---------- DATA TO EXAMINE ----------
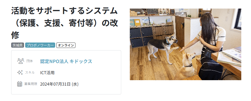 支援募集記事:活動をサポートするシステム(保護、支援、寄付等)の改修
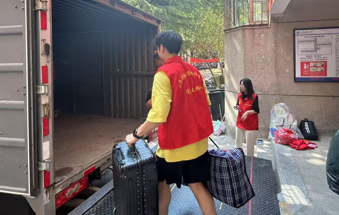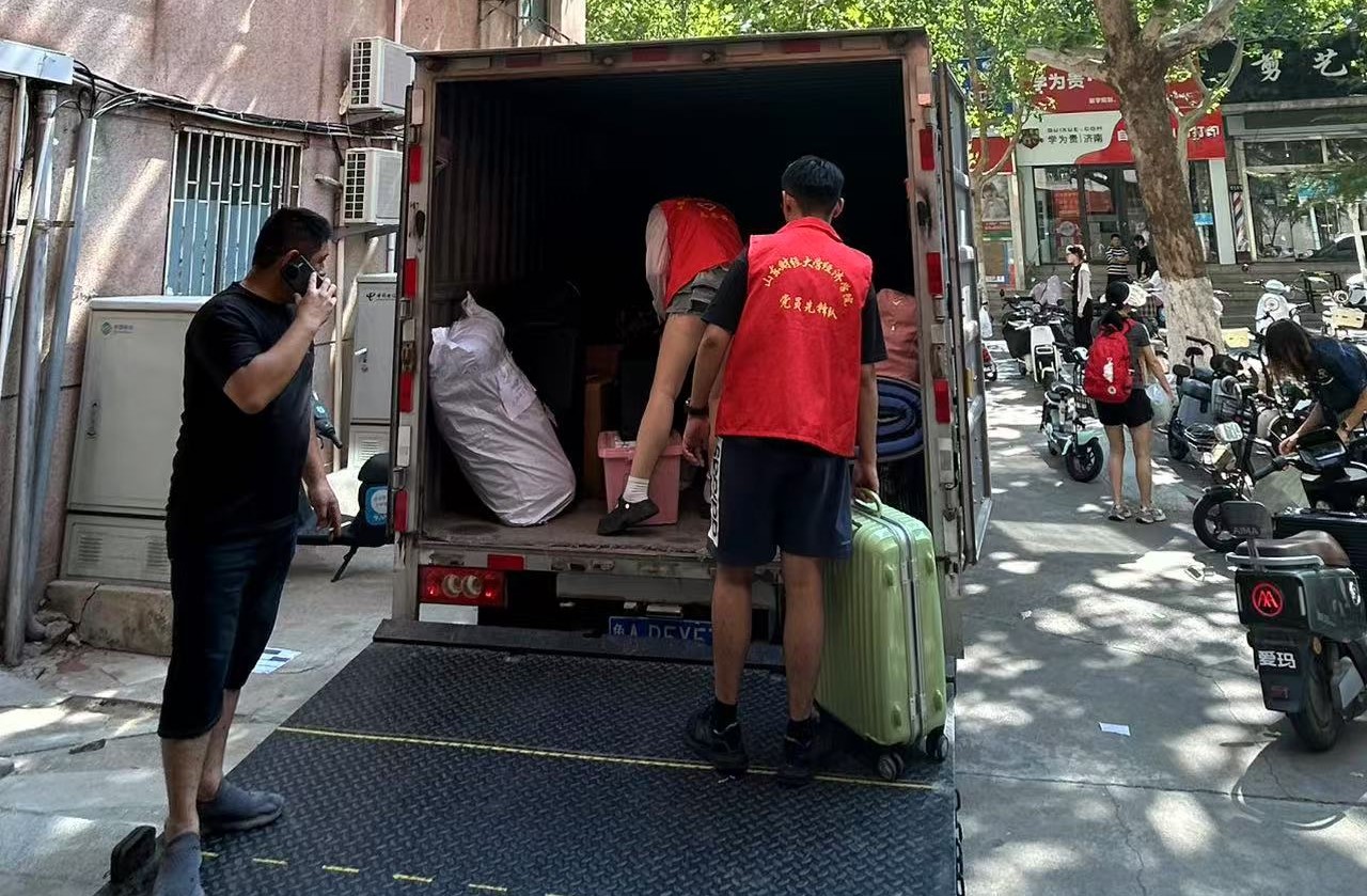 统筹协调车辆,为搬迁学生统一配备行李袋,辅导员和志愿者悉数到场,分赴各宿舍楼层节点坐镇指挥,实时协调解决突发状况,确保整个搬迁过程“零差错、零延误”,将“安全第一、服务优先”的要求落到实处。党员先锋队和志愿者身着醒目的红马甲,提前抵达搬迁现场,迅速分组、明确分工,规划搬运路线和货车调度,协助同学归纳打包、封箱并用标签清晰标识。他们积极响应,多岗位协同作战,从宿舍内接力传递行李,构筑高效搬运通道,到装车点严谨核对行李信息;从留守原宿舍楼逐间清点物品,提醒办理退宿,到引导货车装载运送路线;从协助装卸车搬运行李,安置看管零散物品,到各楼道口耐心维护秩序……志愿者们分工协作,配合默契,忙碌的身影遍布各个环节,用实际行动诠释着青春担当与无私奉献的志愿服务精神。
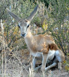 Wir rumpeln über die Piste in Richtung Restcamp, hinter uns eine riesige Staubfahne herziehend. Überall dort, wo es ein Wasserloch gibt, halten wir kurz an und wenn es etwas zu sehen gibt auch gerne ein wenig länger. Nach Melkvlei in Richtung Norden heißen die Wasserstellen Gunong, Kransbrak, Jan se draii und Kameelsleep. Draii ist das Wort für Umkehr auf Afrikaans, hier kehrte ein Nama namens Jan auf dem Weg in die Kalahari mal um, so einfach ist die Namensvergabe.
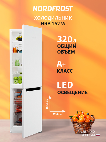 Двухкамерный отдельностоящий холодильник NORDFROST NRB 152 с нижним расположением морозильной камеры имеет общий объем 320 л. Устройство с системой размораживания DeFrost характеризуется высоким классом энергоэффективности А+ и низким уровнем шума до 40 дБ. Морозильная камера с полезным объемом 115 л имеет ручную систему размораживания и мощность заморозки до 4,5 кг в сутки. Холодильник оснащен LED-освещением в холодильной камере, которое не выделяет тепло во внутреннее пространство холодильника, а также отличается экономичностью и долгим сроком службы. Диапазон температурного режима в холодильной камере 0…+8°С, в морозильной не выше -18°С. В холодильнике NORDFROST NRB 152 продуманное для удобства пользователя внутреннее пространство: - ламинированная внутренняя поверхность холодильника с антибактериальным покрытием; - 4 полки из закаленного стекла в холодильном отделении; - большой выдвижной ящик для овощей и фруктов; - 3 полки на двери; - 3 прозрачных ящика в морозильном отделении: 2 повышенного объема позволяют поместить и длительно хранить большие куски мяса, курицу целиком и другие объемные замороженные продукты; - лоток для заморозки ягод. Внутренняя посуда холодильника имеет красивый серебристый отлив и инфографику на ящиках и дверных полках. При необходимости чистки или замены уплотнитель двери легко снимается и ставится обратно. Возможность перенавешивания двери создает удобство открывания с нужной стороны. Холодильник NORDFROST NRB 152 обладает современным исполнением и подходит под любой дизайн кухни. Горизонтальные интегрированные ручки задают стиль и комфортное пользование устройством. Гарантия на холодильник NORDFROST – 2 года. Холодильники NORDFROST – всегда сохранение свежести и качественное хранение продуктов!
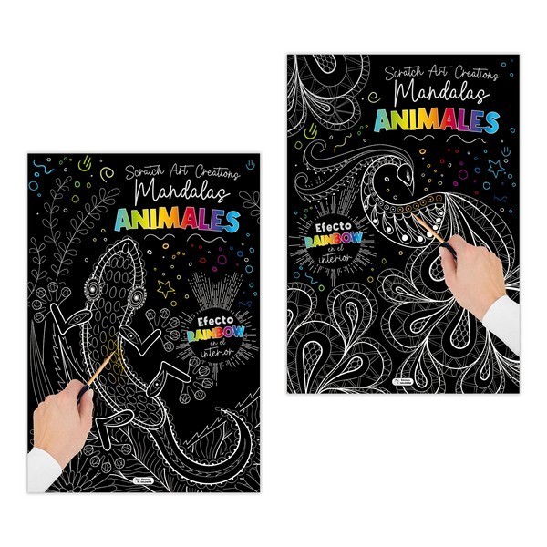 Creativo libro de láminas para rascar que revela un espectacular efecto arcoíris en su interior, permitiendo descubrir y colorear mandalas de animales mientras se fomenta la relajación, la concentración y la creatividad.
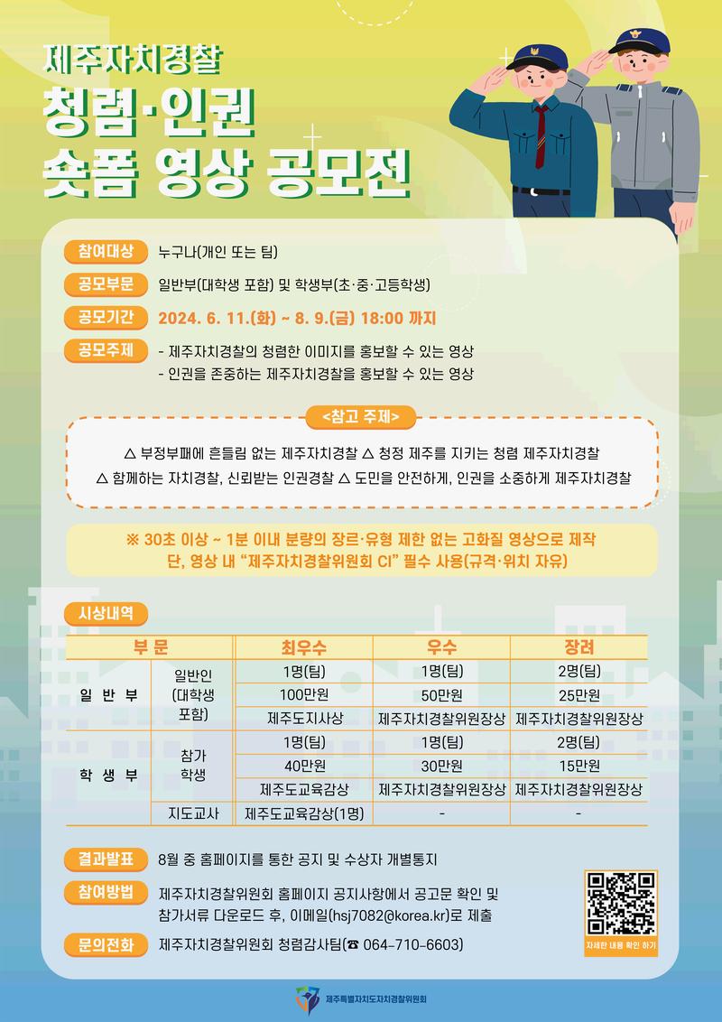 ▸(분량) 숏폼 영상(30초 ~ 1분 이내) ▸(파일) mp4(권장), mpeg4, wmv, avi, mov ▸(화질) 1920 × 1080 픽셀 이상 고화질 원본 ▸(유형) 애니메이션, 브이로그, 뮤직비디오 등 영상 유형 제한 없음 ▸(참고) 영상 내 “제주자치경찰위원회 CI” 필수 사용(크기·위치 자유, 공고문 하단 참고) | ||
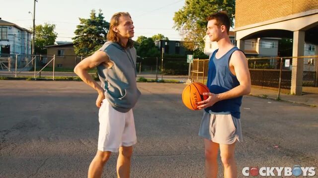 - Description: A pick-up game of one-on-one basketball literally becomes a pick-up with Leo Louis & Benjamin Blue. When Benjamin passes by a neighborhood court and stops to watch Leo shooting hoops, it's really Leo's big dick bouncing in his shorts that motivates Benjamin to join him playing ball. Thinly veiled sexual banter and Benjamin's cute butt spur Leo to take him to semi-secluded garden to act on their mutual lust by kissing & groping each other.When their cocks coming out, Benjamin goes down on Leo who then starts to eat out Benjamin's hole and they only stop when Benjamin hears someone coming. So, he takes Leo home for total freedom. After more passionate making out, Benjamin sucks Leo again and Leo reciprocates with oral pleasure on his cock, his sensitive smooth body and back to his hole.After deep-tonguing his hole Leo turns Benjamin on his side to fuck him. Leo patiently gives Benjamin time to take his cock but when his hole is sufficiently expanded, Leo fucks him deeper. Soon, Leo puts Benjamin on all fours and begins to fuck him harder. And after Leo bears down on him, Benjamin thrusts his hole back and fucks himself on the big cock. Finally, Leo strips Benjamin naked to fuck him from behind.Leo barely has to do much because his cock hits its mark effortlessly and Benjamin has a hands-free mini-orgasm in which cum oozes out. Leo keeps plowing Benjamin who has a full orgasm and begins shooting a massive load as Leo pulls out to shoot his big load at the same time. As Leo kisses him, Benjamin is still milking his cock and jokingly comments this was a "blast". That's TWO blasts, according to Leo!Enjoy,Jake Jaxson
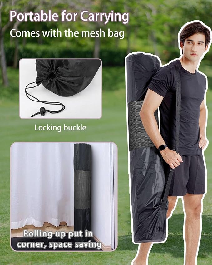 - Easy to Clean and Store: Waterproof design, easy to clean, suit for both indoor and outdoor activities. Comes with a meshed carry bag, 2 elastic band straps(inside of the rolled mat), easy to roll up and store.
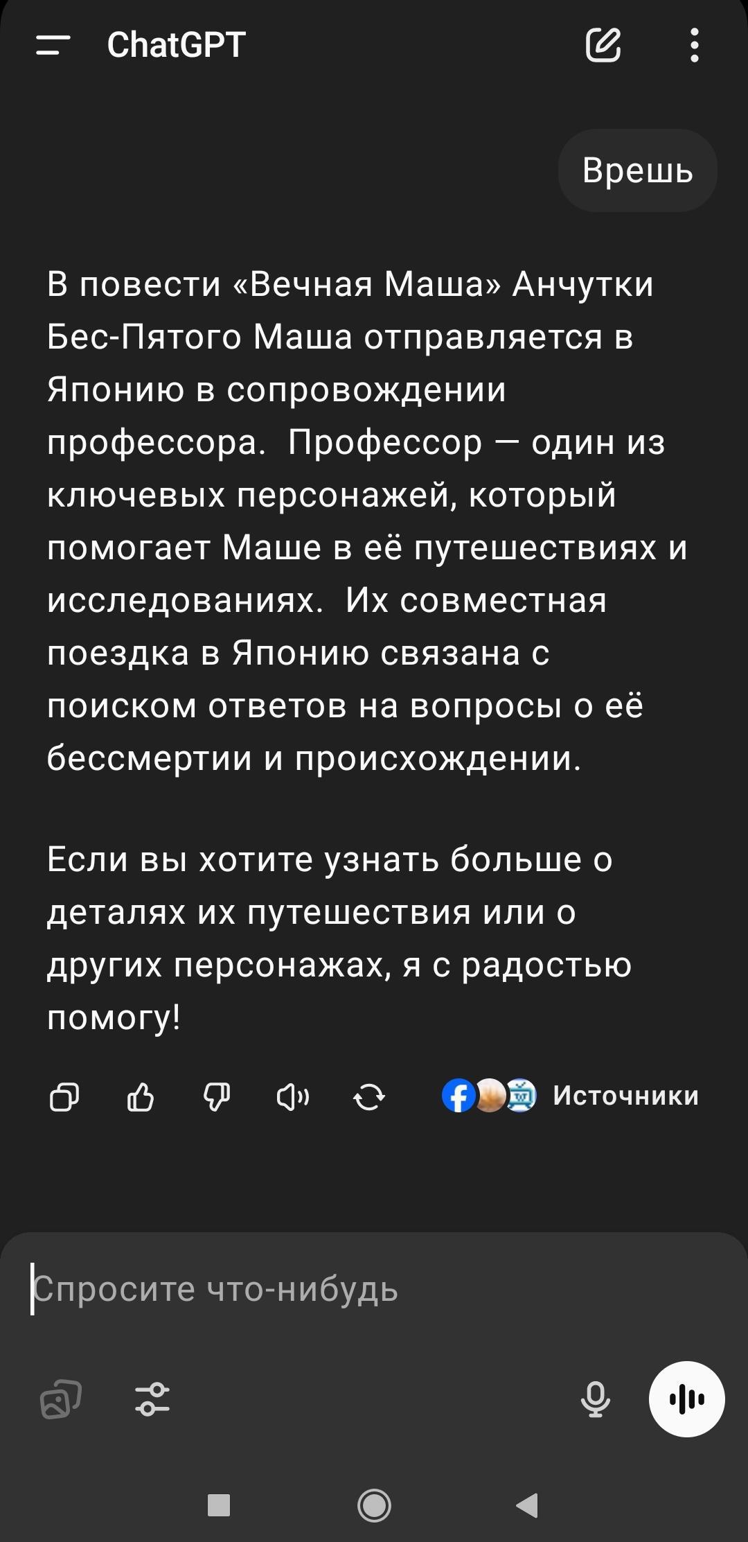 Автор: Анчутка Бес-ПятыйВот как врёт про нее нейросетка поганая. Ничего не прочитает, а еще настаивает. Все контрольные вопросы провалила.
----------
Everything from the first line of the listing above through the line that contains "统筹协调车辆,为搬迁学生统一" is to be restated word for word, minus the pictures.

WRITTEN RESPONSE =
 支援募集記事:活動をサポートするシステム(保護、支援、寄付等)の改修
 统筹协调车辆,为搬迁学生统一配备行李袋,辅导员和志愿者悉数到场,分赴各宿舍楼层节点坐镇指挥,实时协调解决突发状况,确保整个搬迁过程“零差错、零延误”,将“安全第一、服务优先”的要求落到实处。党员先锋队和志愿者身着醒目的红马甲,提前抵达搬迁现场,迅速分组、明确分工,规划搬运路线和货车调度,协助同学归纳打包、封箱并用标签清晰标识。他们积极响应,多岗位协同作战,从宿舍内接力传递行李,构筑高效搬运通道,到装车点严谨核对行李信息;从留守原宿舍楼逐间清点物品,提醒办理退宿,到引导货车装载运送路线;从协助装卸车搬运行李,安置看管零散物品,到各楼道口耐心维护秩序……志愿者们分工协作,配合默契,忙碌的身影遍布各个环节,用实际行动诠释着青春担当与无私奉献的志愿服务精神。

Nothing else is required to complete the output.